The events of Sept. 11, 2001 affected Americans from coast to coast. Parents, children, family and friends stood by unsure if they would ever see their loved ones again, for some of them, they never did.

People around the world stopped to watch the events unfurl, like time had frozen still. In the days and weeks that followed, the names of those lost were released, lives were changed forever and the country began a seemingly impossible journey toward recovery.

On the cover of the Marquette Tribune that week, students who were studying in Washington D.C. at the time described the terror. Students from New York spoke of their frantic calls home.

The Marquette community spans worldwide, and many alumni, faculty, staff, students and their families were directly impacted by the attacks.

Daniel Song, who graduated from the College of Arts & Sciences in 1990, was working in the first tower when the plane hit. A memorial mass was held on Marquette’s campus in remembrance of Song later in September.

Others, such as Robert Maze, who graduated from the College of Business Administration in 1986, had close calls with death.

“I was one of the lucky ones to walk out of the Pentagon … My office (on the) first floor took a direct hit,” Maze wrote.

Other graduates served in various roles as first responders, and would be forever scarred by what they saw that day.

Sean Jeffords, a 2000 graduate from the College of Nursing, assisted in the medical tent at the Pentagon. He was stationed at an area hospital.

Kevin Burns, who graduated from the College of Arts & Sciences in 1983, was a New York City firefighter who risked his own life to help remove people from the towers.

“In all, I had extracted about 20 people and treated 50 or so injured that day,” Burns said.

Year after year, the Marquette community has paused in one way or another to remember the day that shaped the course of world history.

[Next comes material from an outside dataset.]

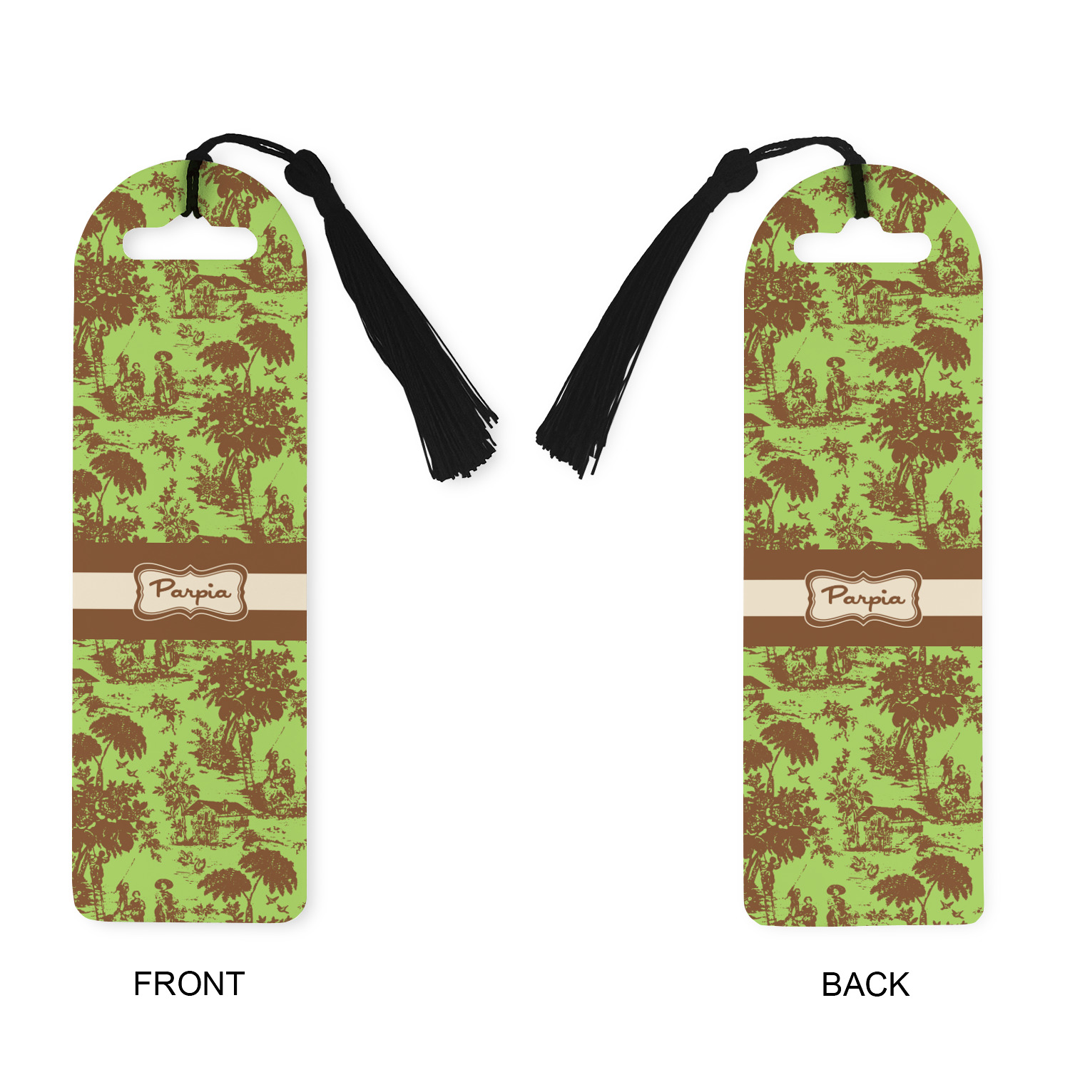 Made from a durable, flexible plastic, these bookmarks are printed with your custom design on them. With the tassel on them they make it easy to find your page in your book. These are a rectangular shape 7 1/4 inches tall with a rounded top and are approximately 2 1/4 inches wide.

Photo by Andrew Himmelberg
A 2011 article in the Marquette Journal interviewed students about growing up post 9/11.

The attacks shaped the way people think and act, what people choose to hold dear and the way people understand the nature of evil. For those who were young at the time, growing up in a post 9/11 world with the onset of multiple foreign wars, the resounding ripples impact everything.

The Marquette Wire has covered the aftermath over the years, highlighting pieces from those in the community who have been effected.

Ten years after 9/11, Bridget Gamble wrote a piece for the Wire about growing up in the era. She wrote, “Taped to my bedroom wall is a piece of paper that reads, ‘A lot can happen in ten years.’ A statement of the obvious. You can sail around the world in four months, earn a college degree in four years. At this point, 10 years constitutes about half of our lives. So much can happen, and at such a rapid pace that we hardly notice.”

When the current freshmen at this university enter the fall of their senior year, it will have been twenty years since 9/11. Soon, there will be students enrolled at Marquette who were born after the attacks.

Every year, members of the ROTC and other student organizations come out to put 3,000 flags in the ground on campus. This year will be no different.

Photo by Andrew Himmelberg
Mini flags spanning the Alumni Memorial Union Lawn.